▸ **DIRECTIONS FOR THIS TASK**
Your output must consist of the records printed verbatim, with the pictures excluded.

★ ★ ★

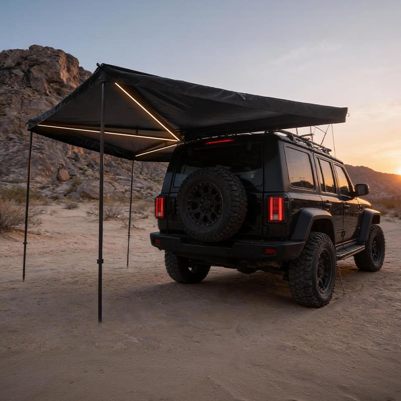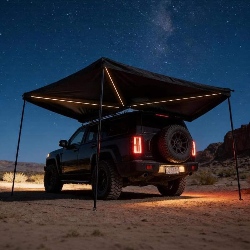 We have upgraded the classic Batwing Awning with a state-of-the-art lighting system. Every structural arm houses a Full-Length Integrated LED Strip. Whether your customers are cooking dinner or repairing gear, the bright, warm light covers the entire 10sqm+ sheltered area. The system is powered via a simple 12V connection, making it a true “plug-and-play” solution.
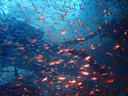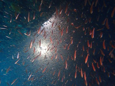 生物:イロカエルアンコウ・オオモンカエルアンコウ・ミチヨミノウミウシ・ブリ・カンパチ・テングダイ・ニジギンポの群れ・キビナゴの群れ・ネンブツダイygの群れ・スズメダイの群れ・ソラスズメダイygの群れ・イッセンタカサゴygの群れ・オオモンハタの群れ・イサキの群れ・メジナの群れ・ホウライヒメジの群れ・キンメモドキの群れ・ツマグロハンポの群れ・ニザダイの群れ・ 他
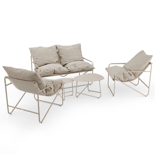 Tento komplet záhradného nábytku vytvára pokojnú a zladenú zostavu, v ktorej sa dá ľahko spomaliť tempo. Matná béžová farba rámu, podrúčok aj stolíkov pôsobí ľahko a zároveň elegantne, takže sa záhradný nábytok na terasu harmonicky spája so zeleňou, drevom aj svetlými doplnkami. Kovová konštrukcia s elektroforetickou vrstvou a práškovou povrchovou úpravou podporuje dlhú životnosť aj odolnosť pri každodennom používaní vonku, sezónu po sezóne, bez straty estetiky.
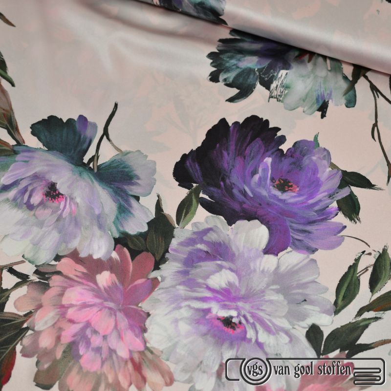 Exclusieve stretch zijde Italiaans designer bloemen print poeder rose
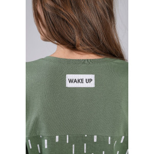 Представляем Вашему вниманию женский костюм из трикотажного полотна «кулирка» в комбинации двух видов полотна в единой цветовой гамме: гладкокрашеного и с набивным рисунком, состоящий из футболки и брюк. Футболка – из гладкокрашеного полотна, классического покроя, с короткими втачными рукавами, горловиной овальной формы, обработанной притачной бейкой из отделочного материала и принтом в центре переда, выполненным в технике шелкографии. Брюки – укороченные, 7/8 длины, на притачном поясе с эластичной тесьмой внутри и карманами в боковых швах.
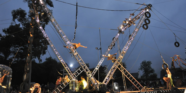 22h32, souriante fenêtre météo : place au spectacle dans ce cadre bucolique, le Parc de Pontanné face à l'Alizé avec Nofit State Circus.
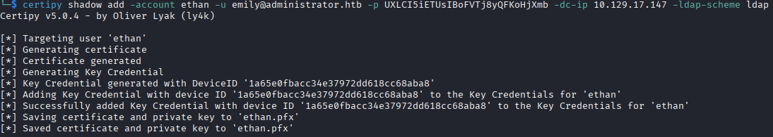 To compromise the ethan account, we can either attempt a kerberoast or a shadow credential attack. The passwords for these users have been massive strings of random letters and numbers, so I'm thinking shadow credential will be much easier.
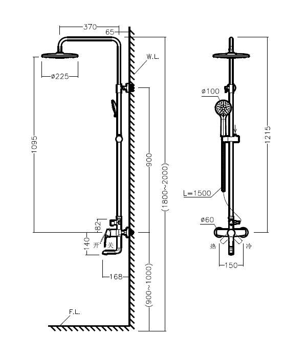 可升降淋浴柱,搭配可调节式花洒座,可轻松
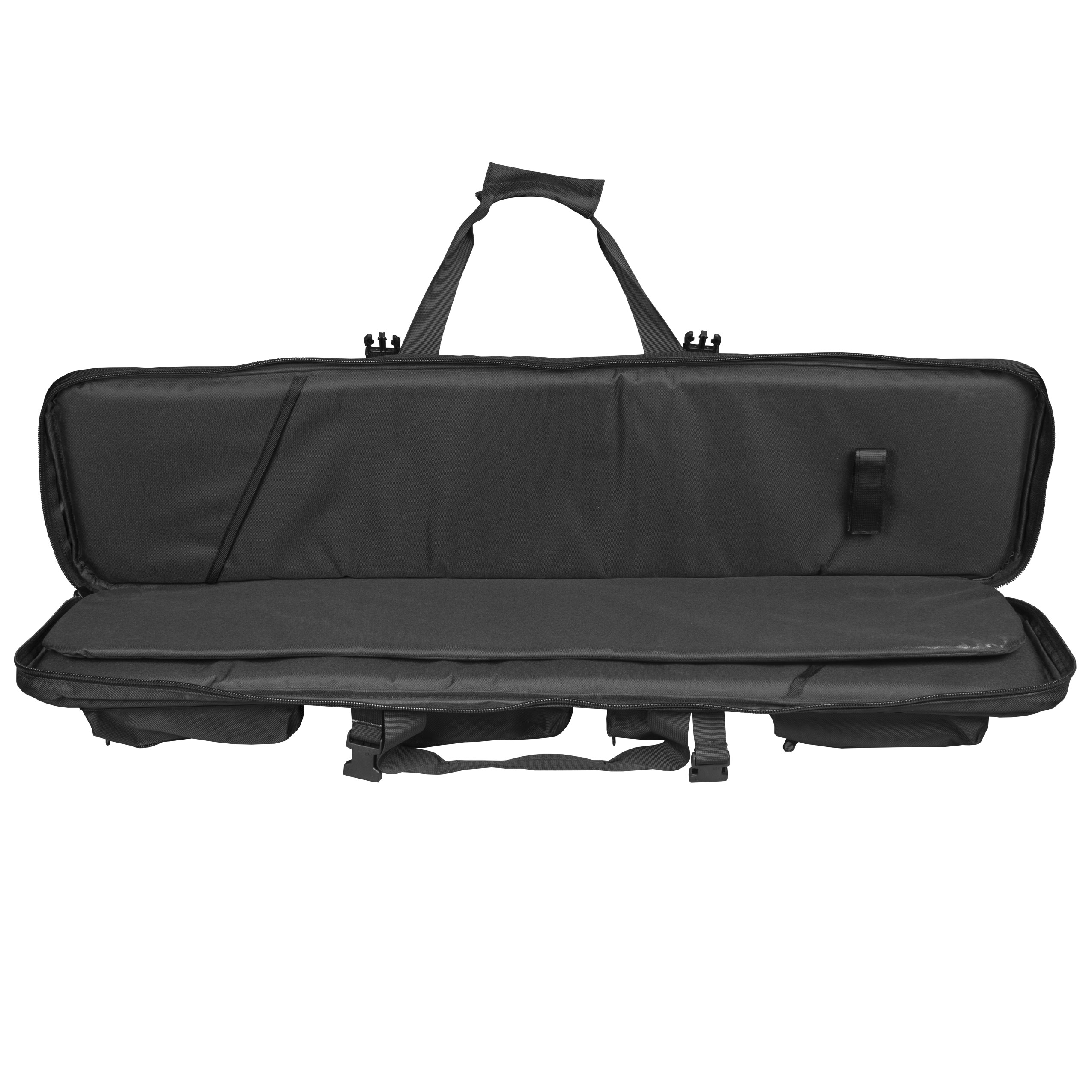 Pokrowiec ma 2 komory o wymiarach ok. 105 × 30 cm, która idealnie pomieszczą się karabinek AR-15/Ak, strzelbę oraz sztucer z optyką. Do stabilizacji broni zastosowano nylonową taśmę zapinaną na fastex. We wnętrzu pokrowca znajduje się płaska kieszeń (np. na tłumik). Do transportu służą podwójny chwyt oraz szerokie szelki pozwalające wygodnie przenosić pokrowiec na plecach. Pokrowiec zamykany jest za pomocą dwukierunkowego zamka błyskawicznego marki Kroko, który został wszyty niemal na całej długości, umożliwiając wygodne rozłożenie futerału na płasko. Na przedniej ściance pokrowca znajdują się 4 obszerne kieszenie zamykane na zamki (jedna z panelem velcro), w których możemy przenosić magazynki, amunicję oraz inne akcesoria niezbędne na strzelnicy. Wysoką jakość potwierdzają plastikowe dodatki marki ITW Nexus.

★ ★ ★

▸ **FINISHED EXERCISE**
 We have upgraded the classic Batwing Awning with a state-of-the-art lighting system. Every structural arm houses a Full-Length Integrated LED Strip. Whether your customers are cooking dinner or repairing gear, the bright, warm light covers the entire 10sqm+ sheltered area. The system is powered via a simple 12V connection, making it a true “plug-and-play” solution.
 生物:イロカエルアンコウ・オオモンカエルアンコウ・ミチヨミノウミウシ・ブリ・カンパチ・テングダイ・ニジギンポの群れ・キビナゴの群れ・ネンブツダイygの群れ・スズメダイの群れ・ソラスズメダイygの群れ・イッセンタカサゴygの群れ・オオモンハタの群れ・イサキの群れ・メジナの群れ・ホウライヒメジの群れ・キンメモドキの群れ・ツマグロハンポの群れ・ニザダイの群れ・ 他
 Tento komplet záhradného nábytku vytvára pokojnú a zladenú zostavu, v ktorej sa dá ľahko spomaliť tempo. Matná béžová farba rámu, podrúčok aj stolíkov pôsobí ľahko a zároveň elegantne, takže sa záhradný nábytok na terasu harmonicky spája so zeleňou, drevom aj svetlými doplnkami. Kovová konštrukcia s elektroforetickou vrstvou a práškovou povrchovou úpravou podporuje dlhú životnosť aj odolnosť pri každodennom používaní vonku, sezónu po sezóne, bez straty estetiky.
 Exclusieve stretch zijde Italiaans designer bloemen print poeder rose
 Представляем Вашему вниманию женский костюм из трикотажного полотна «кулирка» в комбинации двух видов полотна в единой цветовой гамме: гладкокрашеного и с набивным рисунком, состоящий из футболки и брюк. Футболка – из гладкокрашеного полотна, классического покроя, с короткими втачными рукавами, горловиной овальной формы, обработанной притачной бейкой из отделочного материала и принтом в центре переда, выполненным в технике шелкографии. Брюки – укороченные, 7/8 длины, на притачном поясе с эластичной тесьмой внутри и карманами в боковых швах.
 22h32, souriante fenêtre météo : place au spectacle dans ce cadre bucolique, le Parc de Pontanné face à l'Alizé avec Nofit State Circus.
 To compromise the ethan account, we can either attempt a kerberoast or a shadow credential attack. The passwords for these users have been massive strings of random letters and numbers, so I'm thinking shadow credential will be much easier.
 可升降淋浴柱,搭配可调节式花洒座,可轻松
 Pokrowiec ma 2 komory o wymiarach ok. 105 × 30 cm, która idealnie pomieszczą się karabinek AR-15/Ak, strzelbę oraz sztucer z optyką. Do stabilizacji broni zastosowano nylonową taśmę zapinaną na fastex. We wnętrzu pokrowca znajduje się płaska kieszeń (np. na tłumik). Do transportu służą podwójny chwyt oraz szerokie szelki pozwalające wygodnie przenosić pokrowiec na plecach. Pokrowiec zamykany jest za pomocą dwukierunkowego zamka błyskawicznego marki Kroko, który został wszyty niemal na całej długości, umożliwiając wygodne rozłożenie futerału na płasko. Na przedniej ściance pokrowca znajdują się 4 obszerne kieszenie zamykane na zamki (jedna z panelem velcro), w których możemy przenosić magazynki, amunicję oraz inne akcesoria niezbędne na strzelnicy. Wysoką jakość potwierdzają plastikowe dodatki marki ITW Nexus.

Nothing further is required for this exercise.